■ Records contained in a dataset ■
_____

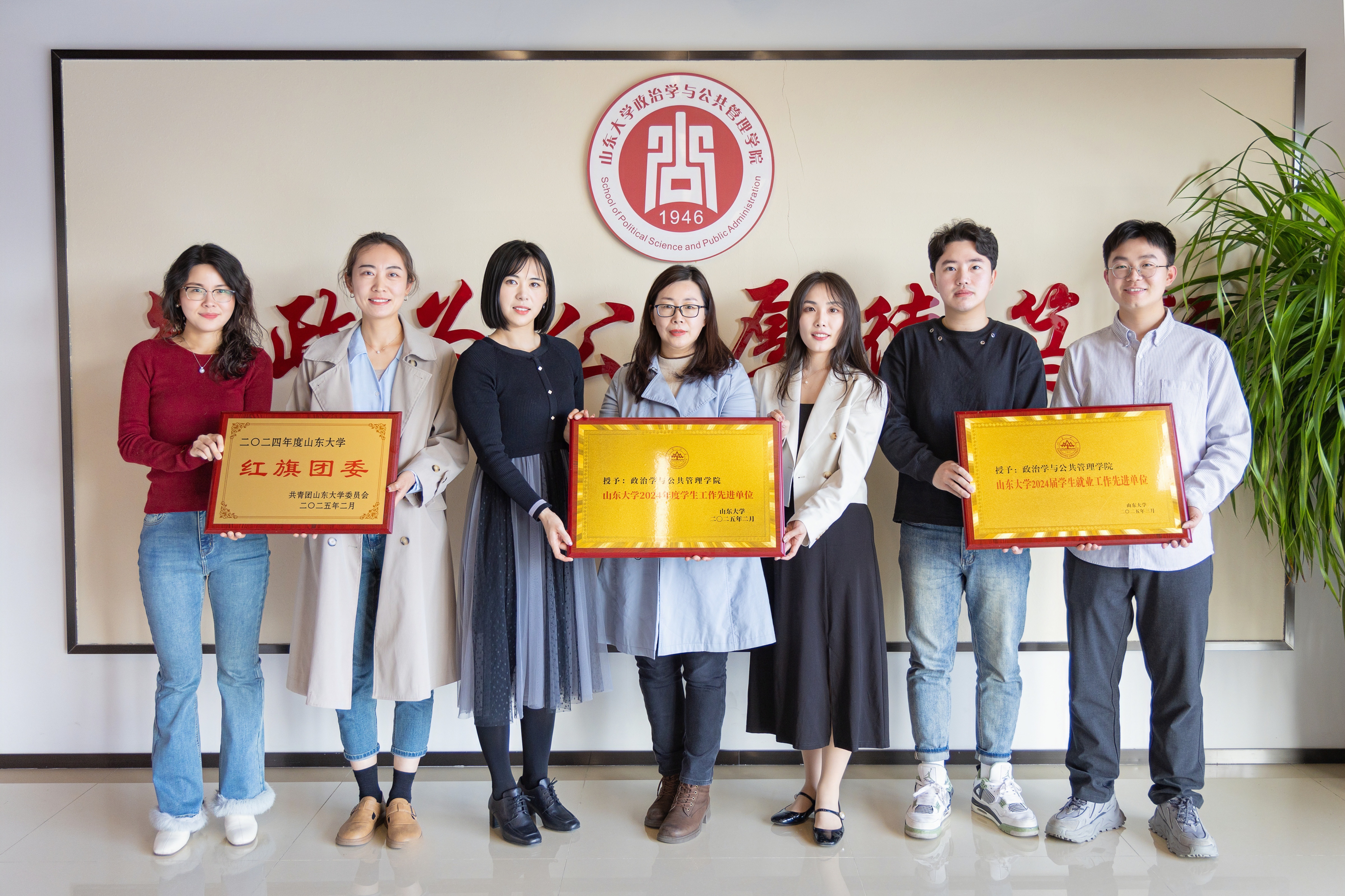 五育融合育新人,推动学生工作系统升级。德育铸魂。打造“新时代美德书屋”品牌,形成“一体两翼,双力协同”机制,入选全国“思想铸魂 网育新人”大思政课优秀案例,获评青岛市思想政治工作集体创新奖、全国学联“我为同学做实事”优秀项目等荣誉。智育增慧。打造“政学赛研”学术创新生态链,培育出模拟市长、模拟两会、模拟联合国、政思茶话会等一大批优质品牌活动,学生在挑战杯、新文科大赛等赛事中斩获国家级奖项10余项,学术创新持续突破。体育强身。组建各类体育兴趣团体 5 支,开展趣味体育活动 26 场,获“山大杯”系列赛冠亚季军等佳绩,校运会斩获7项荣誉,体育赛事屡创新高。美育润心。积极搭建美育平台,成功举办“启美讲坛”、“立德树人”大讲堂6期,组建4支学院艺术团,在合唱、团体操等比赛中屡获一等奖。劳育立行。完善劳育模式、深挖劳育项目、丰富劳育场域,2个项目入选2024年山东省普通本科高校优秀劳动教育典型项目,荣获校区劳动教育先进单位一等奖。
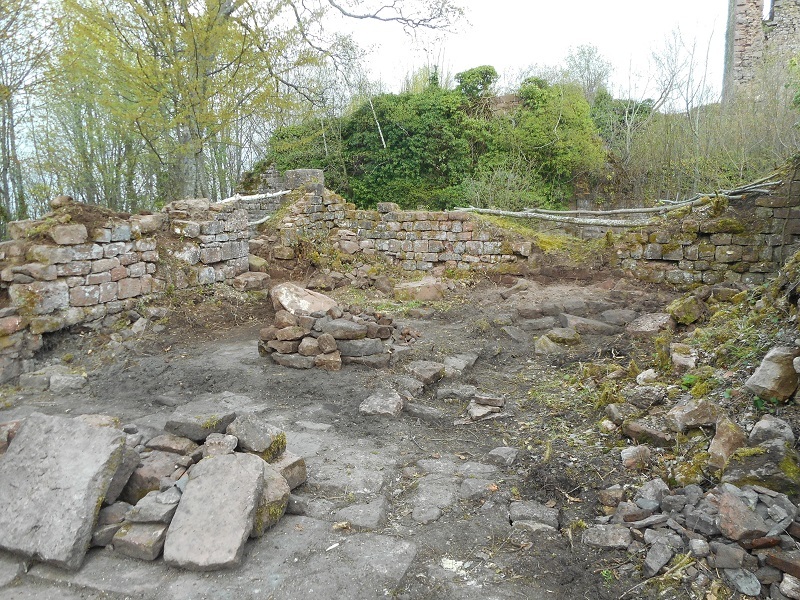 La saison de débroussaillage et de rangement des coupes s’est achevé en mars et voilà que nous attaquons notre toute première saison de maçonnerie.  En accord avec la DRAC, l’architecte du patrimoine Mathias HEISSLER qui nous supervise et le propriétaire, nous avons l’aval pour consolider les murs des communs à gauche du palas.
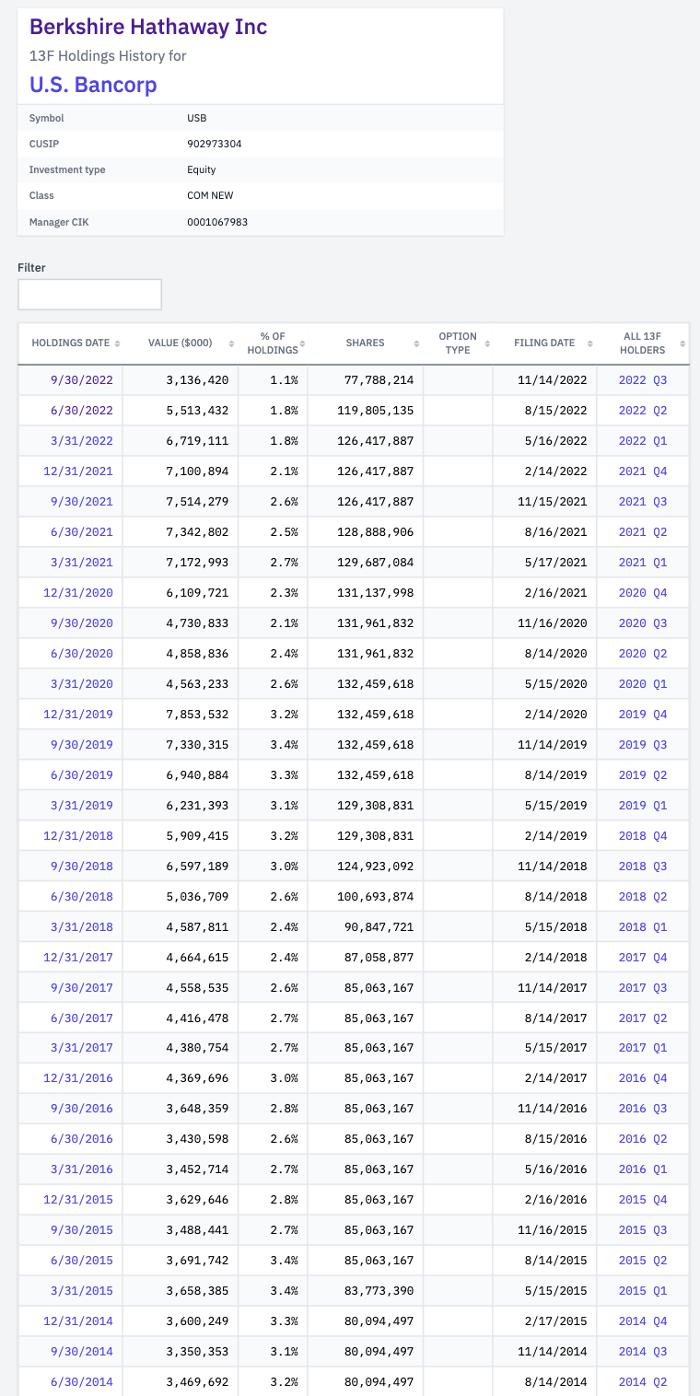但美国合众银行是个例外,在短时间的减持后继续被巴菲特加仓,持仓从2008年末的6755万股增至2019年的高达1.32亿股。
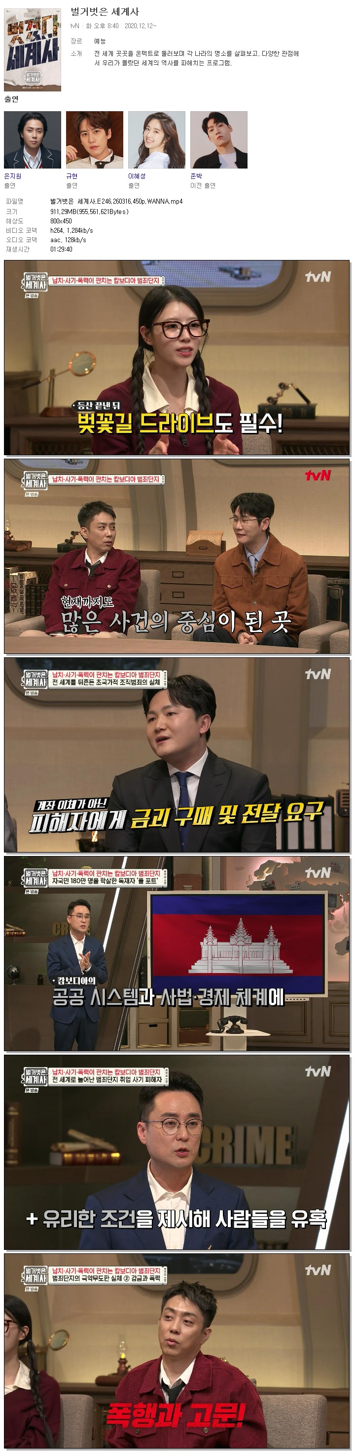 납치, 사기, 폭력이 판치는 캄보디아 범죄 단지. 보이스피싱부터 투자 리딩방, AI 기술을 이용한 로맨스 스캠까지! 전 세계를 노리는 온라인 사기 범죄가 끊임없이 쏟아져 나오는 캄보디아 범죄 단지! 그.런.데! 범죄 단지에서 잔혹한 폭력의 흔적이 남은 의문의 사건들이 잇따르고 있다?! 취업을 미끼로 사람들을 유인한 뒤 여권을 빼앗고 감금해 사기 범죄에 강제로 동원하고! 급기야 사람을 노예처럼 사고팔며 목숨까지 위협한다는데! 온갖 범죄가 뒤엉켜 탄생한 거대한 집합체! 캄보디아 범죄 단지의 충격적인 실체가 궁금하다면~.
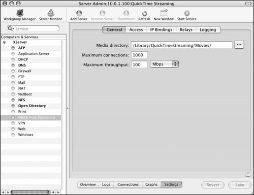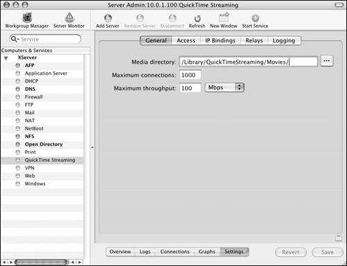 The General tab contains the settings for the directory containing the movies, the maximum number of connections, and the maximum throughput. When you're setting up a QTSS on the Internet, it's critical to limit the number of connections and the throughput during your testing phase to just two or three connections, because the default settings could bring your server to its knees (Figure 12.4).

_____

■ Task instructions ■
Type out all the records verbatim, minus images.

■ Task answer ■
 五育融合育新人,推动学生工作系统升级。德育铸魂。打造“新时代美德书屋”品牌,形成“一体两翼,双力协同”机制,入选全国“思想铸魂 网育新人”大思政课优秀案例,获评青岛市思想政治工作集体创新奖、全国学联“我为同学做实事”优秀项目等荣誉。智育增慧。打造“政学赛研”学术创新生态链,培育出模拟市长、模拟两会、模拟联合国、政思茶话会等一大批优质品牌活动,学生在挑战杯、新文科大赛等赛事中斩获国家级奖项10余项,学术创新持续突破。体育强身。组建各类体育兴趣团体 5 支,开展趣味体育活动 26 场,获“山大杯”系列赛冠亚季军等佳绩,校运会斩获7项荣誉,体育赛事屡创新高。美育润心。积极搭建美育平台,成功举办“启美讲坛”、“立德树人”大讲堂6期,组建4支学院艺术团,在合唱、团体操等比赛中屡获一等奖。劳育立行。完善劳育模式、深挖劳育项目、丰富劳育场域,2个项目入选2024年山东省普通本科高校优秀劳动教育典型项目,荣获校区劳动教育先进单位一等奖。
 La saison de débroussaillage et de rangement des coupes s’est achevé en mars et voilà que nous attaquons notre toute première saison de maçonnerie.  En accord avec la DRAC, l’architecte du patrimoine Mathias HEISSLER qui nous supervise et le propriétaire, nous avons l’aval pour consolider les murs des communs à gauche du palas.
但美国合众银行是个例外,在短时间的减持后继续被巴菲特加仓,持仓从2008年末的6755万股增至2019年的高达1.32亿股。
 납치, 사기, 폭력이 판치는 캄보디아 범죄 단지. 보이스피싱부터 투자 리딩방, AI 기술을 이용한 로맨스 스캠까지! 전 세계를 노리는 온라인 사기 범죄가 끊임없이 쏟아져 나오는 캄보디아 범죄 단지! 그.런.데! 범죄 단지에서 잔혹한 폭력의 흔적이 남은 의문의 사건들이 잇따르고 있다?! 취업을 미끼로 사람들을 유인한 뒤 여권을 빼앗고 감금해 사기 범죄에 강제로 동원하고! 급기야 사람을 노예처럼 사고팔며 목숨까지 위협한다는데! 온갖 범죄가 뒤엉켜 탄생한 거대한 집합체! 캄보디아 범죄 단지의 충격적인 실체가 궁금하다면~.
 The General tab contains the settings for the directory containing the movies, the maximum number of connections, and the maximum throughput. When you're setting up a QTSS on the Internet, it's critical to limit the number of connections and the throughput during your testing phase to just two or three connections, because the default settings could bring your server to its knees (Figure 12.4).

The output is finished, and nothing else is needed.